The foundation was made at Rutgers University—Newark and for 17 years he has brought hundreds of community people to our campus for free and full classes that have made so many of us a force to be reckoned with. Saturday classes have become a staple in the education advocacy community, and anyone and everyone who has a VOICE and a VISION has come through them. Student educators in the teaching programs at Rutgers Newark and Montclair State are sent to ALI classes as a critical step to becoming great, culturally sound teachers. I too, was developed through ALI.
If you have never been to an ALI Saturday class, where 50-75 people are congregated early in the morning for no reason other than the desire to fight for the children of this city, know that there is nothing like it. We have held 33 six week series to date, and hundreds of workshops in schools and in the community. At ALI, you are heard. Over 4,000 people have attended and hundreds have earned certificates of completion.
We have persevered through four superintendents, countless reforms, tens of school closings and years of state control. Somehow, our trained advocates have managed to make some incredible gains at the student, classroom, school and district level. Many have created their own organizations. ALI teaches you to keep your eyes on the prize and that leaders are responsible for building new leaders. Along the way our voices and the voices of our partners in the struggle, were heard. And each success gave us the fuel we needed to keep on keeping on.
About twelve years ago, Junius Williams decided that the youth of the city needed to speak for themselves. His love for young people is contagious, and nothing makes him prouder than seeing them develop from shy, reserved or uncertain children to powerful, opinionated and “woke” youth leaders. ALI is a second home to many; and YMS has a culture of love and support that supersedes written grant goals and objectives.

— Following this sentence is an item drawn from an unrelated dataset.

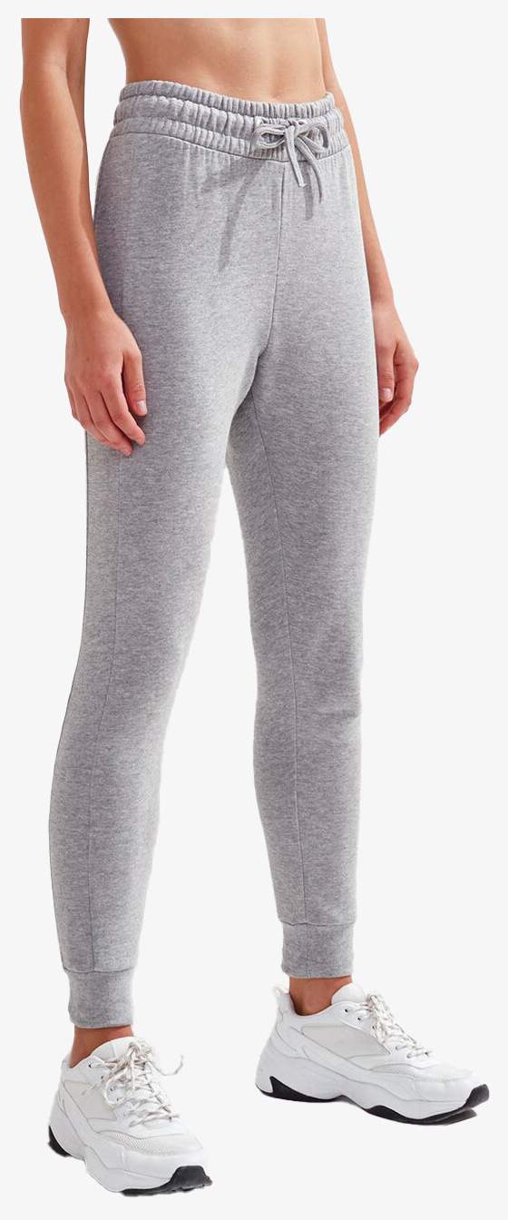 O jogger justo feminino combina algodão e poliéster para um aquecimento leve sem peso excessivo. O corte slim é projetado para um ajuste próximo ao corpo com cintura elástica e ilhós fosco prateado. As laterais e as barras caneladas usam material semelhante ao do tecido principal.
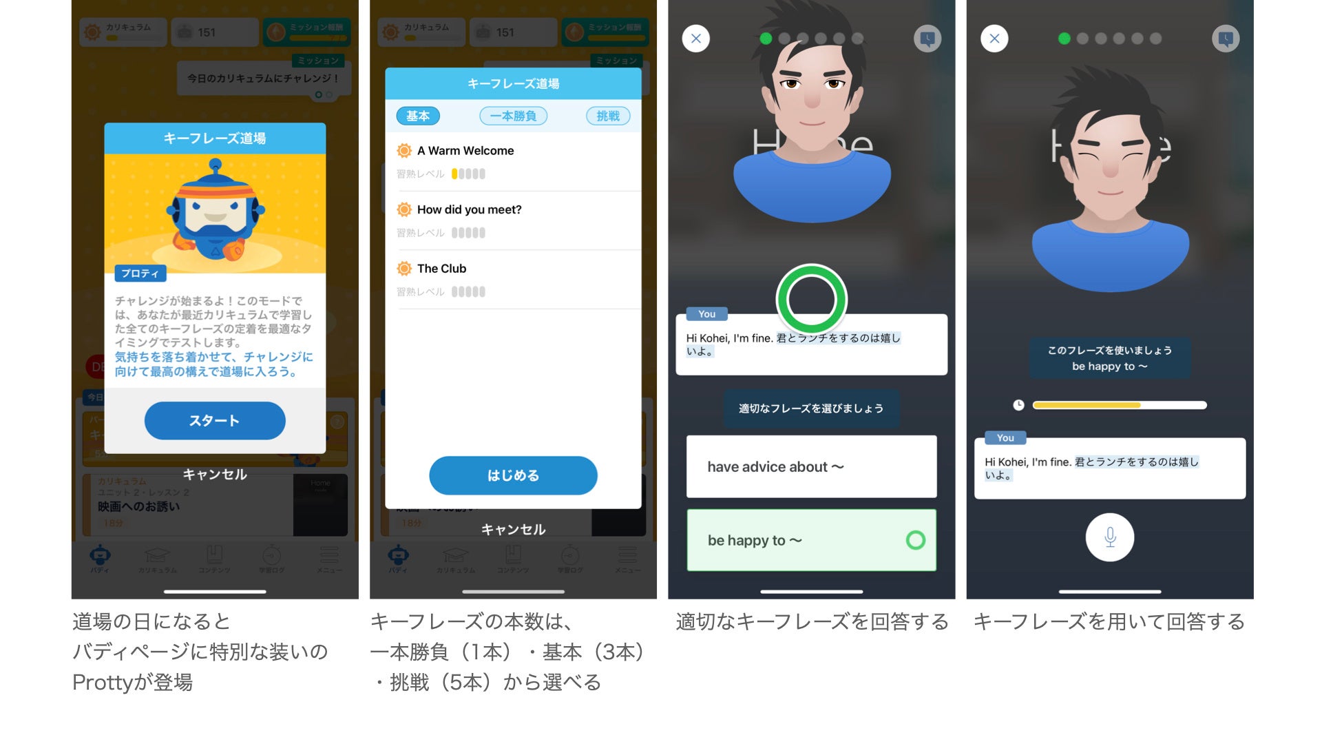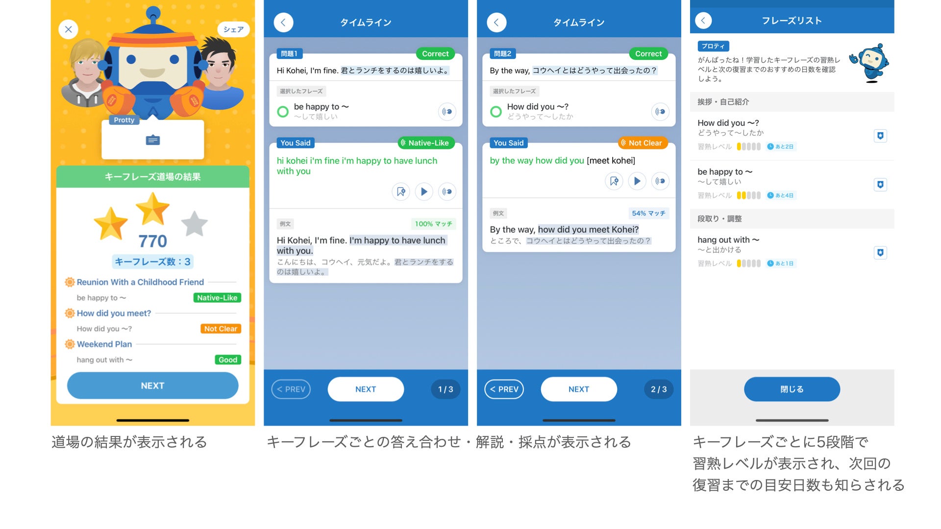 新機能「キーフレーズ道場」ではパーソナルAIを活用した機能面の進化はさることながら、ユーザーに楽しく復習を進めてもらうための演出にもこだわっています。

The ALI Youth Media Symposium has produced some of the strongest youth leaders in the city of Newark, hundreds of college bound young people, and from their vision, the YMS College Success Centers. To date, the CSCs have helped over 350 Newark youth through every aspect of the college process. Our approach, as with our out of school time program, is to empower them, so we make sure to connect them to the people, programs and opportunities that make college completion far more possible. Plus, once they start their journey, they know that if they have any trouble the Rutgers College Success Center is just a bus ride away and we have their backs. (And a desire to see them fulfill their dreams.)
Our students are now attending Rutgers University Newark in record numbers and quite a few are a part of the Honors Living Learning Community. YMS students have produced tens of documentaries, recently winning the 2017 Newark International Film Festival, Best Youth Film title.
They have learned to use the media to tell their own stories, and many of them are finding careers in media and also city leadership as a path for their futures. With a recent grant from the Robert Wood Johnson Foundation New Jersey Health Initiatives, ALI is now working with the City of Newark, NJ – City Hall Newark Youth Ambassadors to develop youth leaders for health advocacy.
Junius Williams has sown into many of us – into Newark, into our youth, and into me, and I am grateful to have been able to have a front row seat for the last twelve years. From him I have learned that loving my people means empowering my people. I have never seen him judge or dismiss or not make time for anyone who wants to make life better for the children and people of Newark.
Dear Mr. Williams, Rise Up! and enjoy your retirement. Know that you have left a legacy of truth and light in so many of us. And I am proud to continue your work, for it has become my life’s work too.